# iso: Zealand Trail info



## IskiBumps (Jul 13, 2006)

Heading up there next weekend, anyone have any tips? off the beaten track spots? or any other useful info? Thanks.


----------



## MtnMagic (Jul 13, 2006)

It's just about a level trail until .2 mile from the hut. There are two great, free camping areas that I know of. Look for a herd path on the Westside and on the Eastside near the Zealand Pond. The beavers may have left, through perhaps their dams remain. It should take you 1.5 hours or way less to get to the hut. If you are quiet you may see wildlife on the trail. 

Happy Trails!


----------



## thetrailboss (Jul 13, 2006)

VERY flat.  VERY easy trail.  Fast going....you get to Zealand hut pretty fast.  Hale, IIRC is not spectacular in the view department....unless you climb the cairn.


----------



## Mike P. (Jul 17, 2006)

For teh view on Hale, that is if you climb the Cairn & are 6' tall.  Even then I'd rate the view no higher than good. (& I like Hale)


----------



## David Metsky (Jul 17, 2006)

Zealcliff, above the hut, is well worth the trip.  Best views in the area.  You can continue up and eventually bag the Zealand summit, but it's just a sign on a tree in the woods.  A walk through the notch to Thoreau Falls is also worth the side trip, 

 -dave-


----------



## riverc0il (Jul 17, 2006)

don't forget to check out zealand falls below the hut.


----------



## IskiBumps (Jul 18, 2006)

Has anyone stayed at the Sugarloaf II campground? If so, is it a good spot to set up camp?


----------



## David Metsky (Jul 18, 2006)

IskiBumps said:
			
		

> Has anyone stayed at the Sugarloaf II campground? If so, is it a good spot to set up camp?

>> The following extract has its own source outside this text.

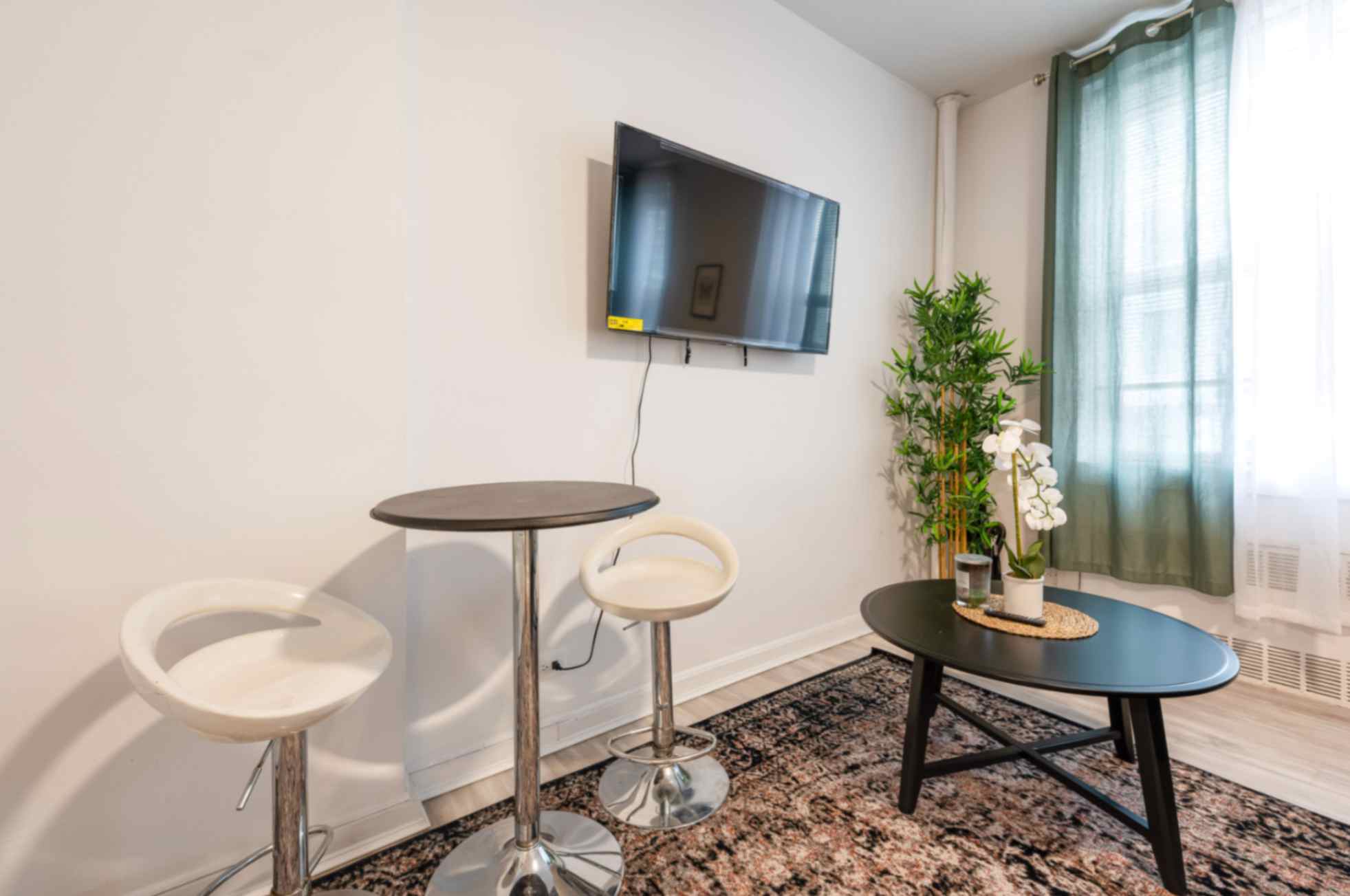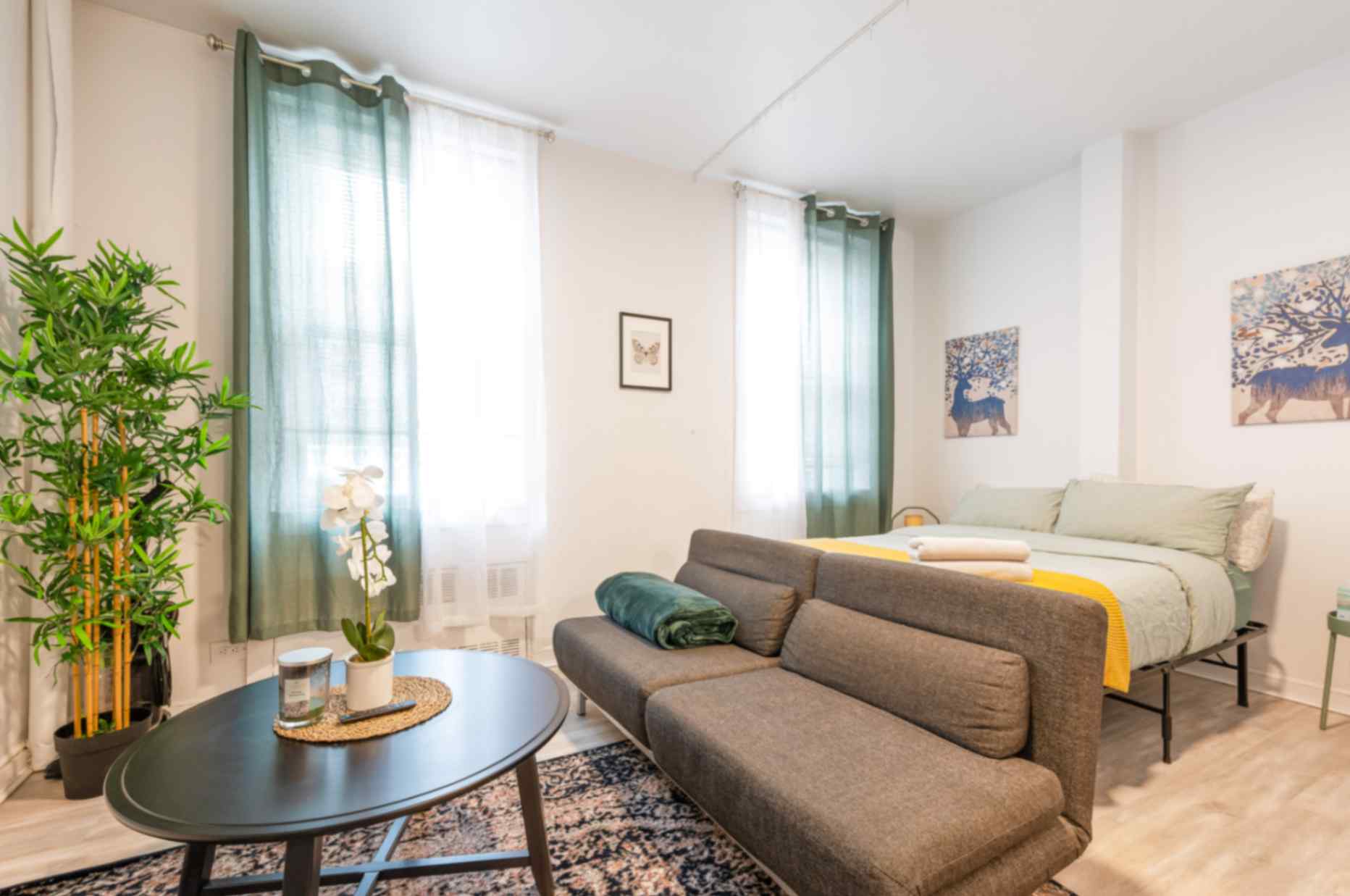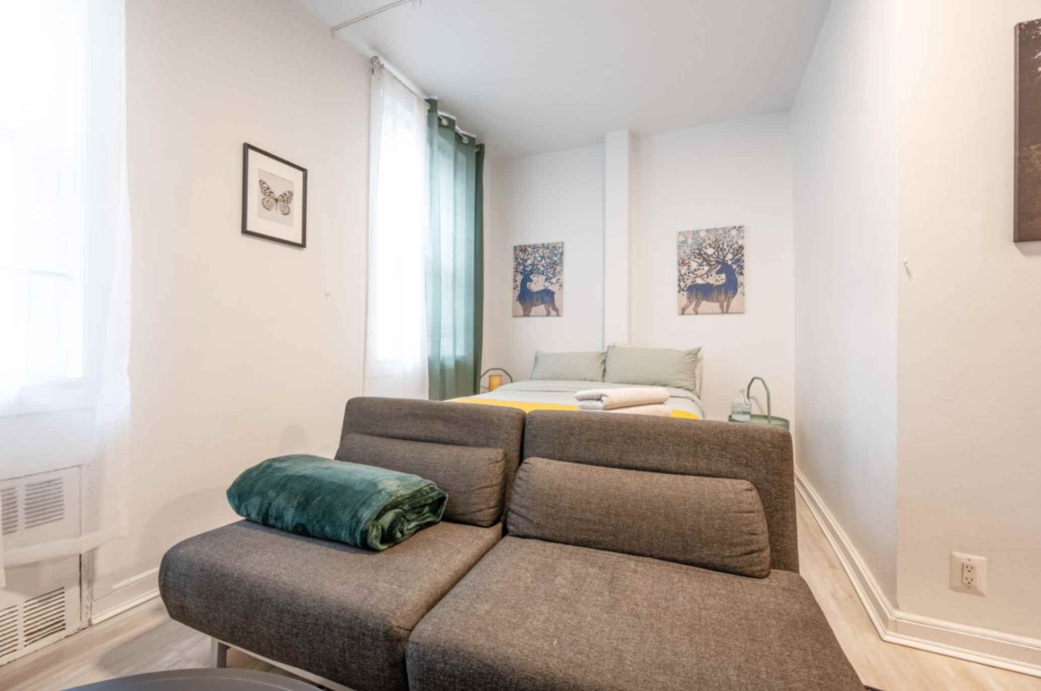 The studio features a cozy queen bed, providing a restful retreat for a good night's sleep. The open layout maximizes space and light, creating a welcoming atmosphere. The addition of a sofa bed offers flexibility for extra guests or a comfortable lounging area.

It's a pretty standard WMNF campground.  I've only stayed there to get an early start the next day; it was fine.

 -dave-


----------



## Mike P. (Jul 18, 2006)

Another friend, besides Dave has stayed there & he liked it.  I think he was styaing in a Pop-up trailer but could be wrong as he has a tent also.


----------



## IskiBumps (Jul 18, 2006)

thanks for the info, it said that its very close by to a few trailheads so I think we're going to go with that one...


----------



## riverc0il (Jul 18, 2006)

IskiBumps said:
			
		

> Has anyone stayed at the Sugarloaf II campground? If so, is it a good spot to set up camp?


i really enjoy sugarloaf campgrounds. quiet with lots of woods and close to many trail heads, also cheap, even for a WMNF campground (not that it is _that_ much more cheaper than the more popular ones!). sugarloaves are an easy hike from your tent site as well, nice sunset hike option.


----------